What happened to Leo’s work would have been mitigated by the adoption of a less permissive license like the GPL, which would have made it impossible for company X to prevent its customers from accessing the source code. Each customer of company X would have had the right to ask for a copy of the source code, to modify it, and redistribute it. But more importantly, Leo would have been able to choose if he wanted to integrate the changes made by company X into his code, benefiting back, and re-distributing this benefit to the entire community.

The most common objections I heard about this reasoning are two. The first is that company X would not be able to profit. The second is that company X should be able to choose what to do with their work.  About the first objection, excluding the ethical aspects of profiting from something that was not created by them in the first place, there is no direct implication between “free software” (in the GPL sense) and “not profitable”. Companies of very different sizes, from large software houses distributing Linux, to small companies developing technical software, working with FOSS, have grown profited in several ways. I would argue the key factor is the value the company adds to their software through support, ease of use, training, certifications, consultancy and services, but this would bring us far from the topic. Concerning the second objection, regarding the freedom of company X to decide about their changes, company X is relying on others’ work to make their product. They would be free to refer to the open literature, and implement their own version of the algorithms without referring to the open-source implementation, if the do not want to agree to the terms of the GPL license.

To conclude, I see the GPL as a tool for scientists to ensure the availability of their tools to themselves and colleagues on the long run. I see it as a way to limit what happened in several cases, when a software developed with public funds is bought by a software vendor, and effectively restricted thanks to high licensing costs and restrictions that do not fit the needs of the original users of the package itself. I also see as a way to be ethical towards who sponsored the research in the first place, which are ultimately other citizens. They will be able to obtain the product of the research, use it, modify it, contribute to it, maybe keep the project going when the original developers retire or move forward, and also profit from it, if they are willing to do it, and they have a good idea to achieve that goal.

P.S. Obviously these are my opinions, and have nothing to do with my employer (it’s written in the disclaimer of my site too, but I doubt many read it).

Edited on June 25th, 2017 to add clarification on distribution and media costs following comment from Bruno Santos.

Edited on June 30th, 2017 to correct a typo. Thanks to John Chawner for reporting it.

3 Comments

  • Bruno Santos

    You wrote that “at no cost, a copy of the entire source code used to generate the binary.”
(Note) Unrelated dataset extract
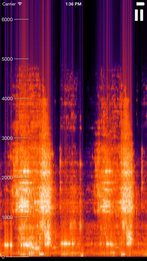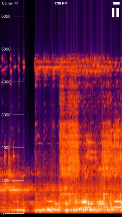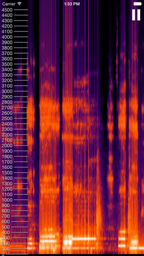 It displays the frequencies of sound around you over time. The horizontal axis is time, the vertical is frequency, and the intensity of frequencies is shown using pretty shades of red.
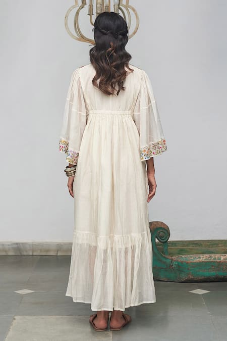 White tiered dress with floral embroidered yoke, flared sleeves, V-neckline and attached cotton lining.

    This isn’t true. The license specifically states that: https://www.gnu.org/licenses/gpl.html#section6

    […] a copy of the Corresponding Source for all the software in the product that is covered by this License, on a durable physical medium customarily used for software interchange, for a price no more than your reasonable cost of physically performing this conveying of source,

    I got to this starting here: https://www.gnu.org/licenses/gpl-faq.html#DoesTheGPLAllowMoney

    For an extensive FAQ on GPL, see https://www.gnu.org/licenses/gpl-faq.html

    I vaguely remember reading that the limit on price for the source code was that it could not exceed the price for the binary form… so either I’ve gotten it incorrectly memorized or the FAQ changed in the meantime.

    • Alberto

      Thank you. That is what I meant with “at no cost”. Most of the distribution happens in electronic format, which is effectively inexpensive.

      I will edit the text to clarify this however.

    • Alberto

      Thank you Bruno.

      I have clarified this by specifying “at no additional cost except media and distribution costs”. I think it is clear from my writing that the distribution of the binary itself does not need to happen for free.

      Let me know if you still feel it is unclear.